M. C. : Les gens rient…

A. B. : Oui, mais pas que ça. Quand on est sortis de la salle, il n’y avait pas un œil sec. Les personnages sont trois vagabonds. Ils sont attachants, mais ils sont aussi abîmés et usés par la rue. Leur santé mentale est à la limite de basculer vers quelque chose de pas très cool. C’est de la bonne moulée pour un acteur.

M. C. : Tu dis que tu ne tiens pas nécessairement à faire carrière en France, mais les projets s’accumulent là-bas pour toi. Quel est ton rapport à cette carrière française ?

A. B. : Ça arrive au bon âge, parce que ça me permet de le vivre en dilettante complètement. Il n’y a pas de secret. Si tu veux pousser ici, il faut que tu sois sur place. C’est pour ça que je suis ici cette semaine. Honnêtement, j’ai hésité à venir. Ce n’est pas le temps de voyager. Je suis là parce que ça va peut-être me donner des occasions par la suite. Je le prends comme un cadeau, en sachant très bien que ma carrière est chez nous et que je ne manque pas d’ouvrage au Québec. J’ai le meilleur des deux mondes, parce que j’adore la France et les Français. Ça me permet de venir faire des saucettes ici. Mais je n’ai pas d’agent français et il n’y a pas d’ambiguïté sur où ça se passe pour moi. Le reste, c’est des petites douceurs en plus.

M. C. : La France, c’est du gravy…

A. B. : J’osais pas dire gravy. Mais si toi tu le dis, c’est correct ! [Rires]

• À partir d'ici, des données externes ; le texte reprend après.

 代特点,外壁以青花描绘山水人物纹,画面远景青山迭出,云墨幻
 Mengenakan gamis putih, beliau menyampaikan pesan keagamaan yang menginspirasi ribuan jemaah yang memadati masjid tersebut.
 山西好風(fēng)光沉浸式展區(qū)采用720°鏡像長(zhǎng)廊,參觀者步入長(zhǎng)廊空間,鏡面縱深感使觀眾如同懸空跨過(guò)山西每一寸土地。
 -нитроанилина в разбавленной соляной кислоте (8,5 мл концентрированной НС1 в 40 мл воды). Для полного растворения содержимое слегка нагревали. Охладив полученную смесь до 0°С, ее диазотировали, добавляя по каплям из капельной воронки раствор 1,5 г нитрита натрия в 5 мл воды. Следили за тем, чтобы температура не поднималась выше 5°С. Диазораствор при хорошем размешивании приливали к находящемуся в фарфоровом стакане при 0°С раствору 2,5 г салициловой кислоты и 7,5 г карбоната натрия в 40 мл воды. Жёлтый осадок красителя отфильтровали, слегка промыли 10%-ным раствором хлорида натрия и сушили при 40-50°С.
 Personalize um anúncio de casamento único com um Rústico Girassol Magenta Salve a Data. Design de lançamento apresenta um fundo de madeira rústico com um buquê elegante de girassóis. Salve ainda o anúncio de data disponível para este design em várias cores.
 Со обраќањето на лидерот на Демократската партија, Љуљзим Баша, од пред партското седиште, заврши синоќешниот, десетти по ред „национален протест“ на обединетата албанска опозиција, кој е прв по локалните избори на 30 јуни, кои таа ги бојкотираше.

M. C. : On te voit moins chez nous quand même, non ?

A. B. : Je n’ai pas tourné une seule journée en 2021. J’appelle ça de la paresse, mais je pense que je prends plus du temps pour moi depuis une couple d’années. J’aime ça, parce que j’écœure pas le monde avec ma présence. Il est divertissant, Antoine, mais un peu trop d’Antoine, ça peut devenir lassant ! [Rires]

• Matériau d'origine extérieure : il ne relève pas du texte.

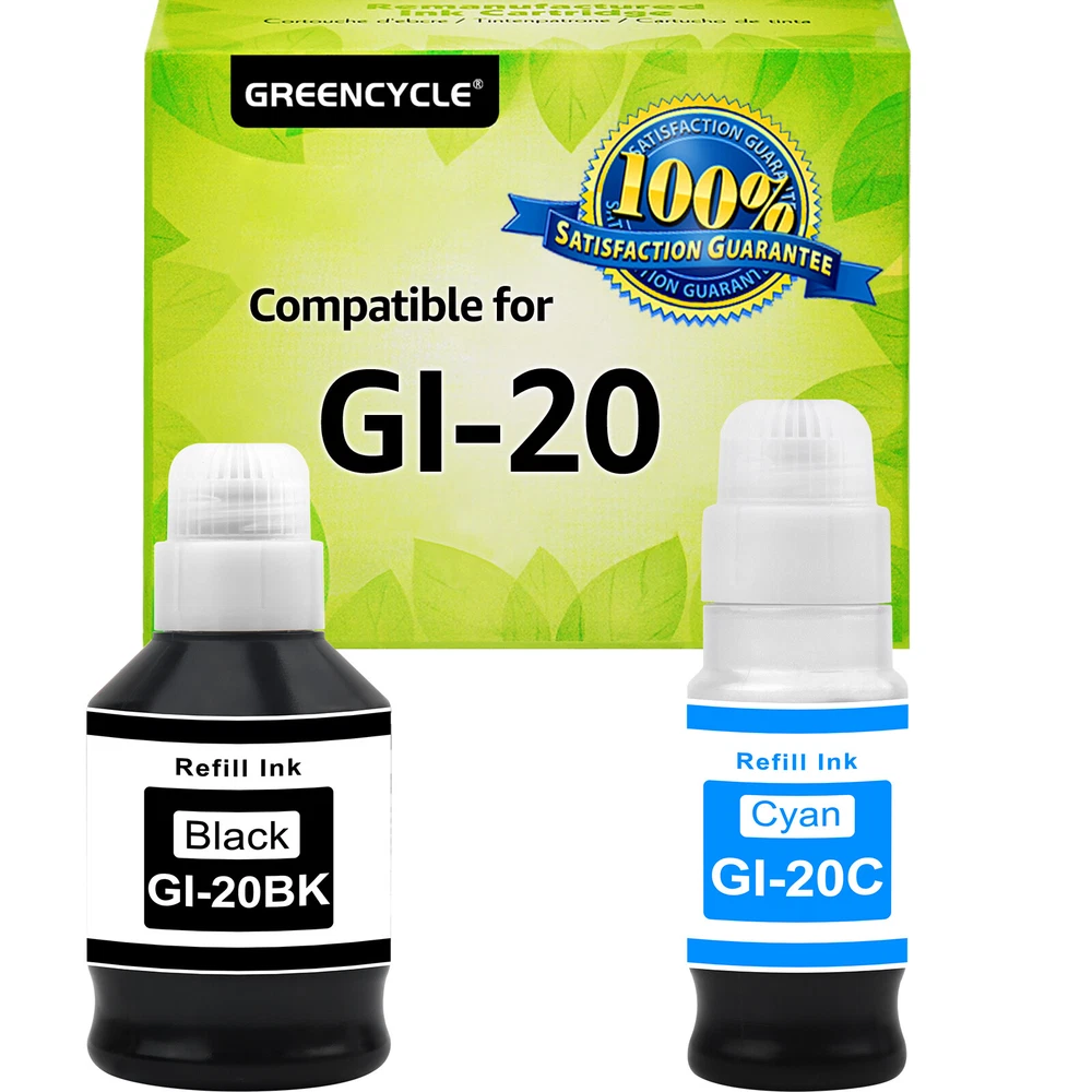 Compatible Model: PIXMA G5020 G6020 G7020 MegaTank Country/Region of Manufacture: China MPN: Does not apply Compatible Brand: For Canon Print Technology: Inkjet Brand: GREENCYCLE Type: Remanufactured Color: Black, Tri-Color Manufacturer Warranty: 1 year Model: INK-CN-GI20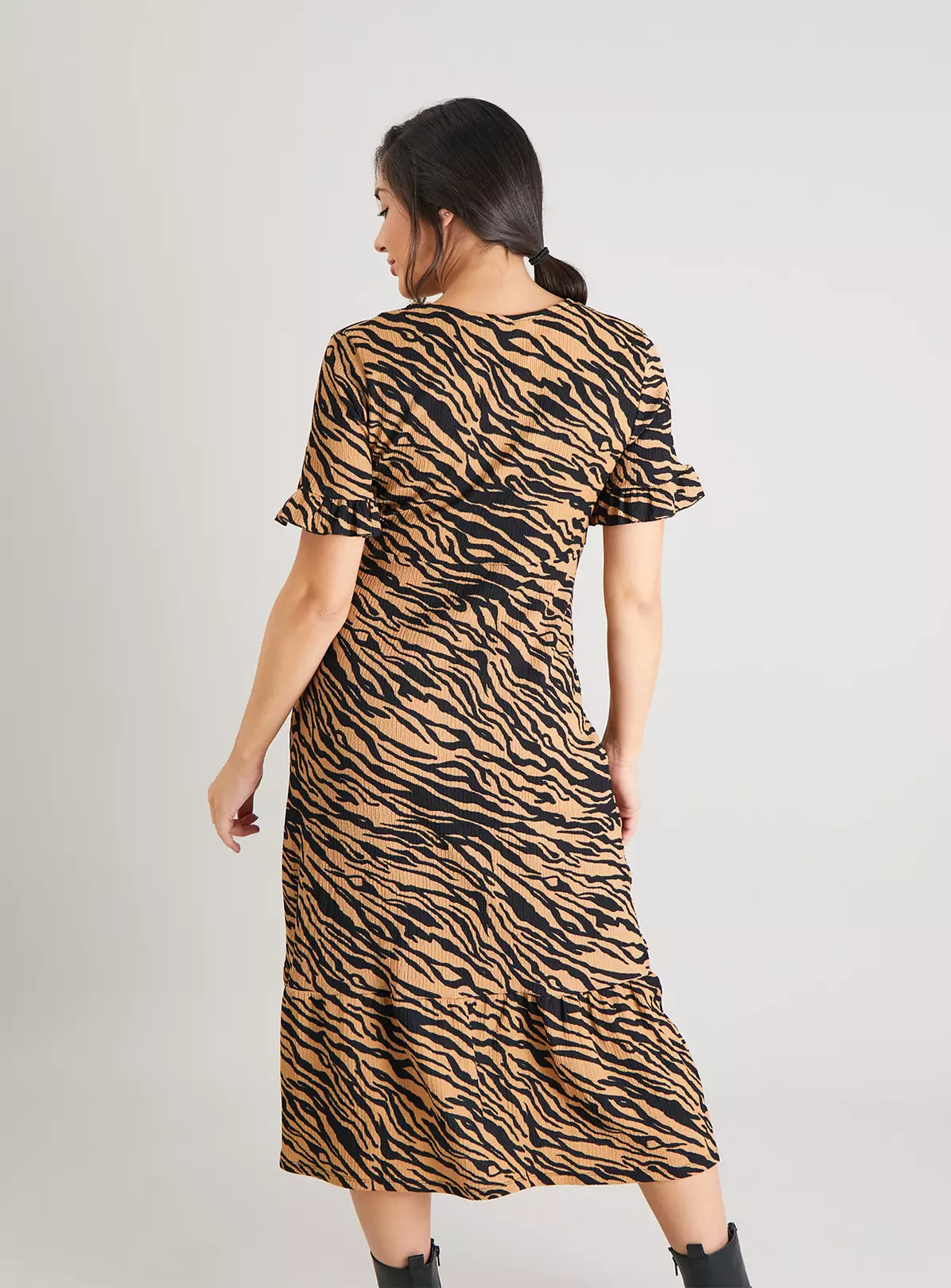 MATERNITY Brown Zebra Print Crinkle Midi Dress – 8

M. C. : Prendre plus de temps pour toi, est-ce que c’est lié aux problèmes de santé que tu as eus ? [Il a subi un infarctus en 2016.]

A. B. : Sans vouloir banaliser ce que j’ai vécu, je pense que c’est surtout lié à l’âge et à la charge de travail que j’ai absorbée pendant les 10 premières années, voire les 15 premières années de ma carrière. J’ai beaucoup travaillé parce que c’était le moment de me faire un nom. De nature, je suis plutôt paresseux. Pas au travail, mais entre deux contrats. J’ai beaucoup de plaisir à occuper mon temps avec autre chose que le métier. Je n’ai pas d’enfant. Je n’ai pas besoin de millions pour vivre. J’ai un train de vie somme toute assez modeste. Et j’aime bien me détendre ! J’ai eu la chance de travailler sur des projets qui ont eu de l’impact, ce qui fait que le téléphone, même si je réponds moins souvent, sonne encore. Je suis bien conscient que ce n’est pas tout le monde qui a ce privilège. On dit que le mouvement amène le mouvement et c’est comme ça dans notre métier. Mon but, c’est de continuer à travailler le plus longtemps possible. S’il faut embrayer en deuxième vitesse, je vais m’adapter, mais pour l’instant, c’est comme ça que je mène ma barque. Elle ne semble pas prendre l’eau ni couler… Mon Dieu, quelle métaphore nautique de marde ! [Rires] Pour l’instant, ça semble marcher.